When Mason had come home, after those years with Haute, he didn’t even look in the garden for a good few months.

He wanted to, so bad it ached, but he couldn’t find it in himself to. He knew he’d left it unattended and-

That garden, gardening, planting- for all that had happened, it had remained the one safe thing. He never dealt with any plants when living with Haute, not that it was not allowed, or offered, but because they were his, they were safe, and after those first few months he knew if he tried to look after so much as a houseplant, he would never garden again.

And he’d lost so much. He felt like he’d lost so much, and if he walked into that garden to see the weeds and dried grass and rotted flowers, if that garden was dead- he felt with his whole heart he would die right with it.

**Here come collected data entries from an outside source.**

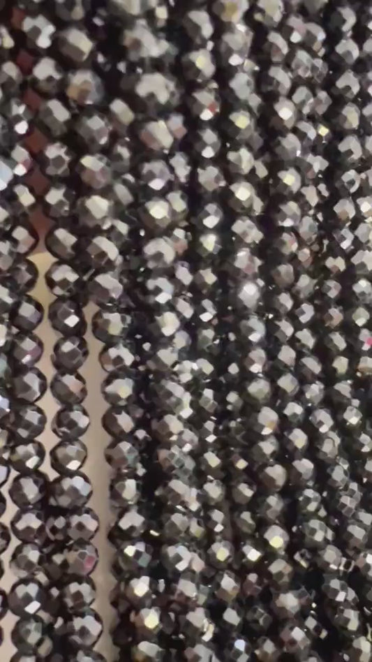 Natural Black Spinel 4mm Roundel micro faceted AAA quality Gemstone Beads, Jewelry Making 12" Strand, Single or Bulk
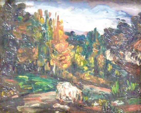 布面油画《风景》,差不多也是同时期的创作,画面中的岩石、树木与地表不再被明确区分,形成一种近乎雕塑感的画面结构,显示出塞尚对“形式”的自觉追求。
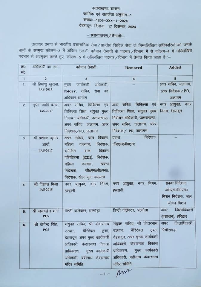 उत्तराखंडमुख्य समाचारभारतीय प्रशासनिक सेवा/ प्रान्तीय सिविल सेवा के अधिकारियों की ट्रांसफर लिस्ट। जन स्तंभDecember 17, 202401 mins भारतीय प्रशासनिक सेवा/ प्रान्तीय सिविल सेवा के अधिकारियों की ट्रांसफर लिस्ट। Post navigation Previous: मुख्यमंत्री श्री पुष्कर सिंह धामी ने मंगलवार को मुख्यमत्री आवास में 45 नव चयनित अभ्यर्थियों को नियुक्ति पत्र प्रदान किये।Next: सरकार जनता के द्वार’ कार्यक्रम के तहत नामित अधिकारी अपने आवंटित गांवों में जाकर लोगों की समस्याओं को सुनेगे और उनका समाधान सुनिश्चित करेंगे। Leave a Reply Cancel replyYour email address will not be published. Required fields are marked *Comment * Name * Email * Website Save my name, email, and website in this browser for the next time I comment.
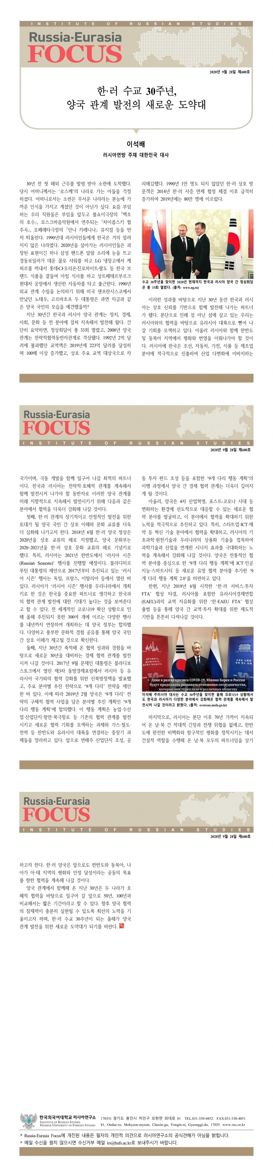 제600호 한·러 수교 30주년, 양국 관계 발전의 새로운 도약대
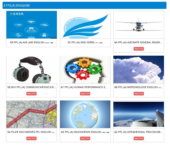 After finishing general lessons you will have 10 subjects for PPL (A), Nine of theory subjects you can learn randomly and one is subject of video of practical flying lessons.
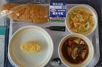 <今日の給食> ミルクコッペパン・牛乳・オムレツ・ビーフシチュー・コールスロー・ミルメークコーヒー
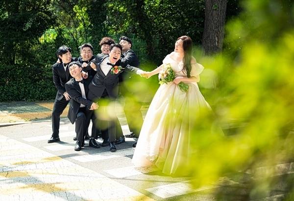 공개된 화보엔 환한 미소가 닮은 이동빈·김란영 예비 부부와 이날 들러리로 촬영장 분위기를 띄운 SBS 13기 공채 개그맨 심영보, 유룡, 홍현우, 김영조, 이신명의 모습이 담겼다.
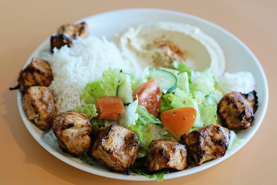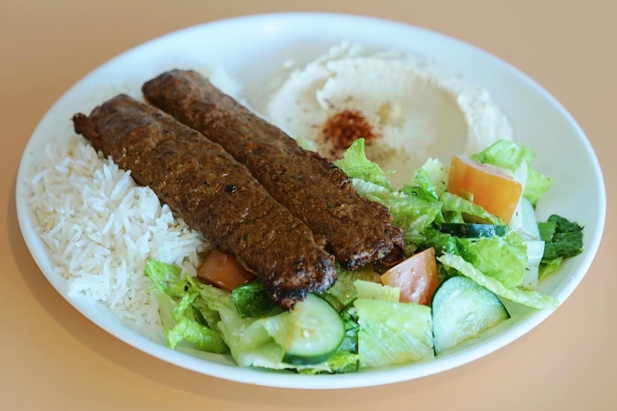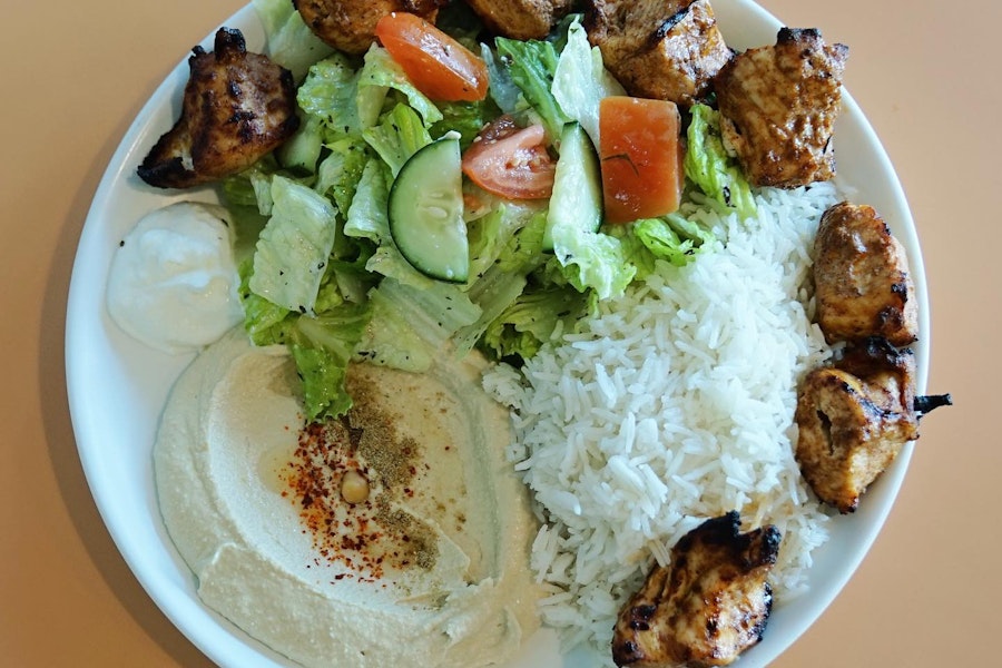 Includes hummus, falafel, baba ghanoush, grape leaves, and tabbouleh. Served with pita bread
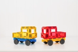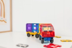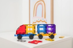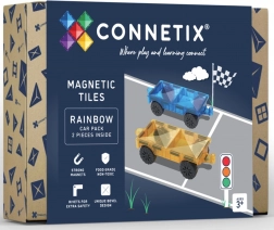 Sada CONNETIX Rainbow Car Pack prináša dve priehľadné mobilné základne v modrej a žltej farbe s hladko sa otáčajúcimi kolesami. Ľahko ich prepojíte s ostatnými magnetickými dielikmi CONNETIX a behom chvíľky vytvoríte vlastné autá, nákladné vozidlá či vláčiky. Silné neodýmové magnety držia stabilne zo všetkých strán a charakteristické „kliknutie“ pri spojení dielikov pridá stavaniu na radosti.
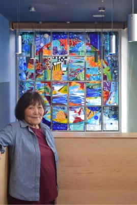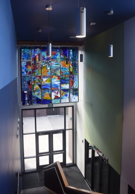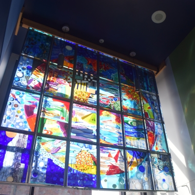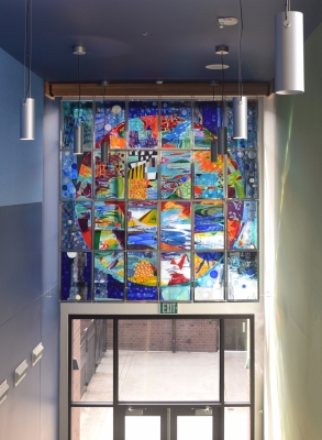 Topophilia - Hope Peace Dream Growth by Keiko Hara references nature, growth, the elements, and the cosmos. It is about viewers’ inspirations and desires. Hara wanted to create something to "uplift the spirits and spark the imaginations” of all who pass the artwork. Pattern, color, texture, and reflectivity are used to create layering and depth in the glass artwork.
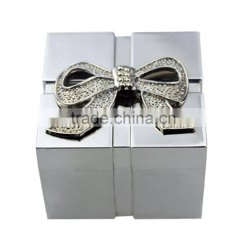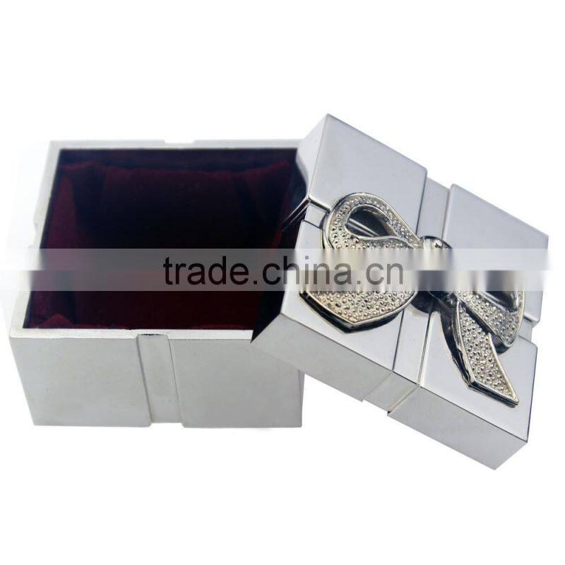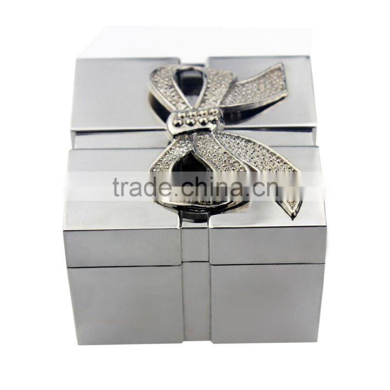 Metal Square Shape Bowknot Jewerly Box Box Gift at Factory Price

And so he avoided it, because he just couldn’t, he couldn’t bear it, but that changed one morning when he’d woken up just a bit too early, when he’d gotten up to get something to drink. Because he heard a noise, a small clank, came from his right, and he knew what was in that backyard. He'd been avoiding it for months, and for the first time his curiosity outweighed his fear. And so he’d gone out to the backyard and- oh.

It was…. More than alive, it was thriving. Colorful flowers bursted from the ground, daffodils and hycaniths swaying just below his feet, and though he hadn’t noticed Mason yet, Lucas was in the corner, tending to what Mason instantly recognized as a small patch of dandelions, and he thought he might cry. His heart ached with an emotion he could not place, his throat closing up when he attempted to call out to his older brother- but there was no need, as Lucas turned around suddenly and lit up like the sun at the sight of his little brother standing in the doorway.

A blue iris began to bloom among the leaves.